Artemis se encogió levemente de hombros, recuperando algo de aplomo.
-Han habido algunas excepciones, sí. Pero toda regla las tiene. Y quizás también recodarás que muchas de esas "asociaciones", como bien las llamas, comenzaron más que nada por motivos de conveniencia: a través del establecimiento de un contrato en el que ambas partes se veían beneficiadas. Como verás, ninguna de esas relaciones buscaba mantenerse en el tiempo a fin de que pudiéramos juntarnos periódicamente a beber el té y tener amenas charlas sobre nuestra vida diaria, ni mucho menos. Fueron simplemente el resultado de negocios.
Me negaba a creer que estuviera siendo completamente sincero.
-Puede ser que hayan comenzado así, pero eso no significa que no hayan pasado a cobrar un significado más especial...
Artemis alzó las cejas con escepticismo.
-¿"Significado especial"? Por favor, ¿es esto un debate o un programa de entrevistas sentimentaloide? No vengo aquí a hablar sobre mi vida privada, así que te aconsejaría que te centraras en el tema que nos concierne.
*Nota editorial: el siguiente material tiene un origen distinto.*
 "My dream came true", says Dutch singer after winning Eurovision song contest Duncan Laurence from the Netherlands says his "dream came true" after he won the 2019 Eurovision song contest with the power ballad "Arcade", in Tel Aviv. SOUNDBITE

Y te convendría hacerlo, porque tus argumentos aún dejan mucho que desear.
…Bien, quizás había tocado un punto sensible de la manera incorrecta.
-Tu problema principal es tu horrible actitud, ¿sabes? Puede que “tu intelecto superior” te separe de la “gente común”, pero si no mejoras tu actitud nunca vas a poder empezar a “comunicarte” con el resto de los mortales.
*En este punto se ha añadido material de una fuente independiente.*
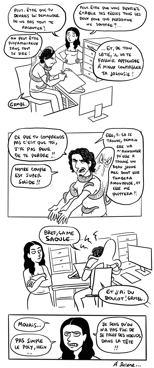 En tout cas, merci pour cette planche ! C’est effectivement rassurant de voir qu’au final, on est tous humains, avec nos faiblesses, nos paradoxes etc. Etant moi aussi très peu sensible à la jalousie de ce style, quand j’étais plus jeune, j’avais tendance à voir tous ceux qui l’étaient comme inconsciemment full toxiques, mais avec le temps je comprends que c’est un sentiment qui peut être très dur, voire impossible à complètement déconstruire.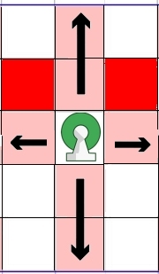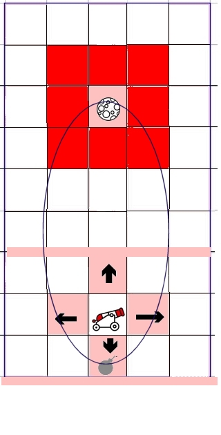 The pink squares indicate where the cannon can nove (one square up, down, left, right)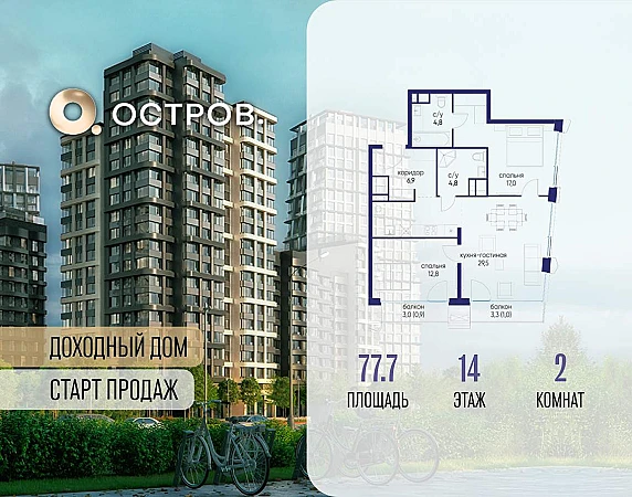 Продаётся 2-комн. квартира от застройщика: общая площадь 77.70 м, жилая 29.80 м, кухня 29.50 м, 14-й этаж, жилой квартал «Остров 14», корпус 6 (секция 1) . Срок сдачи: 2 квартал 2029 года.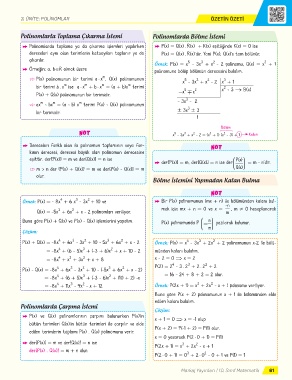 Polinomlarla Toplama Çıkarma İşlemi Polinomlarda Bölme İşlemi

No pareció impresionado con mi nuevo argumento.
-Ya he sido informado al respecto, en variadas ocasiones.
- Quizás deberías escuchar.
Artemis suspiró cansinamente.
-Y quizás tú deberías rendirte. Hace mucho que esto dejó de ser un debate formal, si es que alguna vez pudo siquiera ser calificado como uno. Sugiero que zanjemos la discusión aquí, y demos el asunto por terminado.
No pude evitar sentirme un poco ofendida por su manera brusca de finalizar el asunto cuando yo acababa de salir con un argumento que —lo sabía—, podía estar dando en el clavo.
-Bueno, como quieras -respondí de mala gana. Y mientras me levantaba del sillón, mascullé por lo bajo:-Igual, mira quién se puso a hablar de malas compañías...
Pero eso último, lamentablemente, no pasó desapercibido para el niño genio.
-¿Sabes? -comenzó, sonriéndome con esa sonrisa lobuna suya que hace que todas tus alarmas internas se activen, y quieras alejarte lo más rápidamente posible de sus proximidades-. Es primera vez en toda esta conversación que te escucho esgrimir un argumento medianamente razonable.